== DATA LISTING ==

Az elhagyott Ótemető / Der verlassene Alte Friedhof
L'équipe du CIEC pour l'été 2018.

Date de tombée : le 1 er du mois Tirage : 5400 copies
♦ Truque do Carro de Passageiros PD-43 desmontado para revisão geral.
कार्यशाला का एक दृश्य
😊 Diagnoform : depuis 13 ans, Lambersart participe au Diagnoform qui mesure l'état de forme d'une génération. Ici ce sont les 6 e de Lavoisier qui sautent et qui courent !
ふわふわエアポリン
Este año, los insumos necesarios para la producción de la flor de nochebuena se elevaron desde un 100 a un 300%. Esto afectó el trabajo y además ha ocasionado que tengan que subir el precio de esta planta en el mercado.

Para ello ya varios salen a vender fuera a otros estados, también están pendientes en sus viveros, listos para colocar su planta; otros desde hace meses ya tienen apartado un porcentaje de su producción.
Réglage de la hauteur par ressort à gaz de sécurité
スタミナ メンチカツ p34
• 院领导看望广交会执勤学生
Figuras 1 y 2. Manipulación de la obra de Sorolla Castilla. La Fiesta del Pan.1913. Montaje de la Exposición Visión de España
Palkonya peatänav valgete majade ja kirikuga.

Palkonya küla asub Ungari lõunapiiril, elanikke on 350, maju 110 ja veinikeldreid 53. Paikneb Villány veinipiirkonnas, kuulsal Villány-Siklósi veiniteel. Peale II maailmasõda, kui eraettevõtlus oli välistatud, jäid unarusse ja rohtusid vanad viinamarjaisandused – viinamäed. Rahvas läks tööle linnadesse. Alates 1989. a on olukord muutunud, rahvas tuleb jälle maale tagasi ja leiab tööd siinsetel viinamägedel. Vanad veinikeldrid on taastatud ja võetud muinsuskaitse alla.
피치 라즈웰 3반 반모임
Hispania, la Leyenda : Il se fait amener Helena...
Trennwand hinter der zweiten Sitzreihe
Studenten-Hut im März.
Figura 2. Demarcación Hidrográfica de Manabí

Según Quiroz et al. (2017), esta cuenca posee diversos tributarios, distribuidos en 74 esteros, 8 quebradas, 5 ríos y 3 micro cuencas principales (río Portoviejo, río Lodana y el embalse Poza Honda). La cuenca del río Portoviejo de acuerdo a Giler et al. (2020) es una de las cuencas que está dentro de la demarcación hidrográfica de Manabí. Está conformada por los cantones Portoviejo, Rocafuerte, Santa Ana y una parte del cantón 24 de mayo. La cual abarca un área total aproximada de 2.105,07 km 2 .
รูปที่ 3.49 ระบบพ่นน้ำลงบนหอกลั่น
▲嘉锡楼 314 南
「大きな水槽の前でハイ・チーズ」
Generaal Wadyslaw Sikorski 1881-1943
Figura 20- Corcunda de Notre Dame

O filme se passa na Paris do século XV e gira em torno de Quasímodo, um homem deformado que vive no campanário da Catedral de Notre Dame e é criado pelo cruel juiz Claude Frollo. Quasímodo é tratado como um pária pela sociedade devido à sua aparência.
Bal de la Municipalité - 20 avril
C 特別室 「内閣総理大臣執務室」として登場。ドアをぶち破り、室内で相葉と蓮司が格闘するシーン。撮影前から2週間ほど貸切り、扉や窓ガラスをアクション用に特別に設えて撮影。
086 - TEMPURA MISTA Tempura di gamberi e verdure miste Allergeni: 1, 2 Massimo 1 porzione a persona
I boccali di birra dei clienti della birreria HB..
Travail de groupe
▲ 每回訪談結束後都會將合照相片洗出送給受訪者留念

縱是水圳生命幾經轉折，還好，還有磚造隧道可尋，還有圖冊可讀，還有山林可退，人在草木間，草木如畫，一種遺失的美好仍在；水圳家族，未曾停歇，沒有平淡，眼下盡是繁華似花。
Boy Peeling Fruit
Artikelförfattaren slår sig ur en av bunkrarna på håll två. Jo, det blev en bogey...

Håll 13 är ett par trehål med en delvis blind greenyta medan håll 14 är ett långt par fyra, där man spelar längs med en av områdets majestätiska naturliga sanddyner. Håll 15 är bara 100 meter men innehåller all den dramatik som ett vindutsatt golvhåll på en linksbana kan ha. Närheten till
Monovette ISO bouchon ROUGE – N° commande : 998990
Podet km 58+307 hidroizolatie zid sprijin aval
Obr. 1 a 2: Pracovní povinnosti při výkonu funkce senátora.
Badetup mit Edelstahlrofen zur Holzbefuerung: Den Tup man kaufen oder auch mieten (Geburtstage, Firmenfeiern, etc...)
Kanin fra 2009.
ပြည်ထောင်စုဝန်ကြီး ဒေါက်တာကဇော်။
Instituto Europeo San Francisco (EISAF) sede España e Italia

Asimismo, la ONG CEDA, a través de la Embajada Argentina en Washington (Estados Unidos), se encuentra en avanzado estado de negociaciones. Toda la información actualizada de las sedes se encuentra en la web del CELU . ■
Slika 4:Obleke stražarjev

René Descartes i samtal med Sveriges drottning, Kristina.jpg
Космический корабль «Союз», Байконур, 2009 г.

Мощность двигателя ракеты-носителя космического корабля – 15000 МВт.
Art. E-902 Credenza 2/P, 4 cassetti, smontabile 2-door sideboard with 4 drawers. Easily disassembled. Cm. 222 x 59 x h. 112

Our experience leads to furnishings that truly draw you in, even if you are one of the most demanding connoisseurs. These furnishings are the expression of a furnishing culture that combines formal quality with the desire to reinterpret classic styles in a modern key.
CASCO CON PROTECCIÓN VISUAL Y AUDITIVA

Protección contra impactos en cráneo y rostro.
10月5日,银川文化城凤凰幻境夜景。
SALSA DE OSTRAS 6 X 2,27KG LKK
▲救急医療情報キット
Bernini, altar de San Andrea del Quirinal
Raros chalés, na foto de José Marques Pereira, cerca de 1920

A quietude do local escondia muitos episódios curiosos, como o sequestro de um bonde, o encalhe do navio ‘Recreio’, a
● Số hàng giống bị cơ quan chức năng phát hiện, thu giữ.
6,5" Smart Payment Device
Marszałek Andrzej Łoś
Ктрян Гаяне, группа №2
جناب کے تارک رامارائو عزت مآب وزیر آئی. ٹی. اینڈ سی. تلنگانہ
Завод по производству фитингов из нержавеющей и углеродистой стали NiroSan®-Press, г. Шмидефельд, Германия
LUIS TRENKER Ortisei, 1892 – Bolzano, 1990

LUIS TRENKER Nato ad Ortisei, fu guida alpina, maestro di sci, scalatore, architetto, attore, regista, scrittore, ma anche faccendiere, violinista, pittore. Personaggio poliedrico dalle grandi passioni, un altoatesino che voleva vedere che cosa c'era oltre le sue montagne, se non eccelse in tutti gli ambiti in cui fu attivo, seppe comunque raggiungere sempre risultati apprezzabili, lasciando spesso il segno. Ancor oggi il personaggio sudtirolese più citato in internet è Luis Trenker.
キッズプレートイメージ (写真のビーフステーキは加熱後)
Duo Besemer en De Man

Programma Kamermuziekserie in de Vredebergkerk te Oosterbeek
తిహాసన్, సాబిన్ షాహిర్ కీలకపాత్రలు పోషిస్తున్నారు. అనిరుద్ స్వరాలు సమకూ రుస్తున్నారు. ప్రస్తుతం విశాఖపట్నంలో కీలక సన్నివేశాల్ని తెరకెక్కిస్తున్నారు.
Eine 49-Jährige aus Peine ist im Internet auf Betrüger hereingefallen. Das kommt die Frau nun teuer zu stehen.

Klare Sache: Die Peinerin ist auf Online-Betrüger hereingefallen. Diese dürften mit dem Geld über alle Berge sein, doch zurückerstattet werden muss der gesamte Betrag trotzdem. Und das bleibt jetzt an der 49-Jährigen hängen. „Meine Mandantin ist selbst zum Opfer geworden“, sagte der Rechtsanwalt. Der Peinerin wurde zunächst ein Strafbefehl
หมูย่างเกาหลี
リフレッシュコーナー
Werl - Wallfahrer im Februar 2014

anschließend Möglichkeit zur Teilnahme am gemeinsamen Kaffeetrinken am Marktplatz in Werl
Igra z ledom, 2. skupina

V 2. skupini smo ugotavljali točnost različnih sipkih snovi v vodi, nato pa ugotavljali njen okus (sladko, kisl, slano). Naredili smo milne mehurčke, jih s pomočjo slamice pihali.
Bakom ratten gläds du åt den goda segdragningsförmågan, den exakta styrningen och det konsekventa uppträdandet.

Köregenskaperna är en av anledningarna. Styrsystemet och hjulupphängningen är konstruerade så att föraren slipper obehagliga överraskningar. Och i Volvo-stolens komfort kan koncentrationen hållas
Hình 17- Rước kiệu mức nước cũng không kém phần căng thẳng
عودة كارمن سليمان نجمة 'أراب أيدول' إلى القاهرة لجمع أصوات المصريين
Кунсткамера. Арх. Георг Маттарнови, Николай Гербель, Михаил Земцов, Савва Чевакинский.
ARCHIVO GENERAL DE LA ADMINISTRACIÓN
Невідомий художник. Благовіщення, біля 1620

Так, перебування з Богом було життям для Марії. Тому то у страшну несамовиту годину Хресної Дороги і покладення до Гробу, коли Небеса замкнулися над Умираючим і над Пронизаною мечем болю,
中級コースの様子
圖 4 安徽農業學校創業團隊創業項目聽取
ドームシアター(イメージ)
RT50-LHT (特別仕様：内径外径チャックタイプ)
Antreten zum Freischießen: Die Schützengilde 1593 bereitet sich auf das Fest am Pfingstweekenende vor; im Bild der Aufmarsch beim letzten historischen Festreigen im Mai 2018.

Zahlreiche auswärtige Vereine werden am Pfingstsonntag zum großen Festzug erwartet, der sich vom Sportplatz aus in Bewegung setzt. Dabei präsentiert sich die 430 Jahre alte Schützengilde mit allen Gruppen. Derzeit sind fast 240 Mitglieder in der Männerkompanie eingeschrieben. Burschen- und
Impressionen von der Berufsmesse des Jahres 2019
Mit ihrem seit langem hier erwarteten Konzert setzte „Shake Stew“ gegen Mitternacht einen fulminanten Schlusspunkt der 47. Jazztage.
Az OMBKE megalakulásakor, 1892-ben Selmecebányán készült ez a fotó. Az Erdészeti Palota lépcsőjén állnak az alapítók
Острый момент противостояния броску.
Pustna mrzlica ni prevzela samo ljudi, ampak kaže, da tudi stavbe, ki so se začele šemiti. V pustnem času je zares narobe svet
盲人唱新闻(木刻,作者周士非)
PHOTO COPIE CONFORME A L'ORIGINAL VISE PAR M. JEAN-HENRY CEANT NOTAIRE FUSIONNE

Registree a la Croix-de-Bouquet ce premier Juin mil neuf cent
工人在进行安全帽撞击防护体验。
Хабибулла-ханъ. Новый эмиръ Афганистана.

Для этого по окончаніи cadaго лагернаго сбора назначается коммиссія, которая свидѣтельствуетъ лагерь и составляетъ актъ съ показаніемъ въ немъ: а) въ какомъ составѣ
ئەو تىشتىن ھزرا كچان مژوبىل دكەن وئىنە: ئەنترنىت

===

TASK DETAILS: As listed above, the lines from the line with "Eine 49-Jährige aus" to the line with "Igra z ledom, 2. skupina" are to be echoed exactly, with both ends included and nothing added.

RESPONSE TO THE TASK:
Eine 49-Jährige aus Peine ist im Internet auf Betrüger hereingefallen. Das kommt die Frau nun teuer zu stehen.

Klare Sache: Die Peinerin ist auf Online-Betrüger hereingefallen. Diese dürften mit dem Geld über alle Berge sein, doch zurückerstattet werden muss der gesamte Betrag trotzdem. Und das bleibt jetzt an der 49-Jährigen hängen. „Meine Mandantin ist selbst zum Opfer geworden“, sagte der Rechtsanwalt. Der Peinerin wurde zunächst ein Strafbefehl
หมูย่างเกาหลี
リフレッシュコーナー
Werl - Wallfahrer im Februar 2014

anschließend Möglichkeit zur Teilnahme am gemeinsamen Kaffeetrinken am Marktplatz in Werl
Igra z ledom, 2. skupina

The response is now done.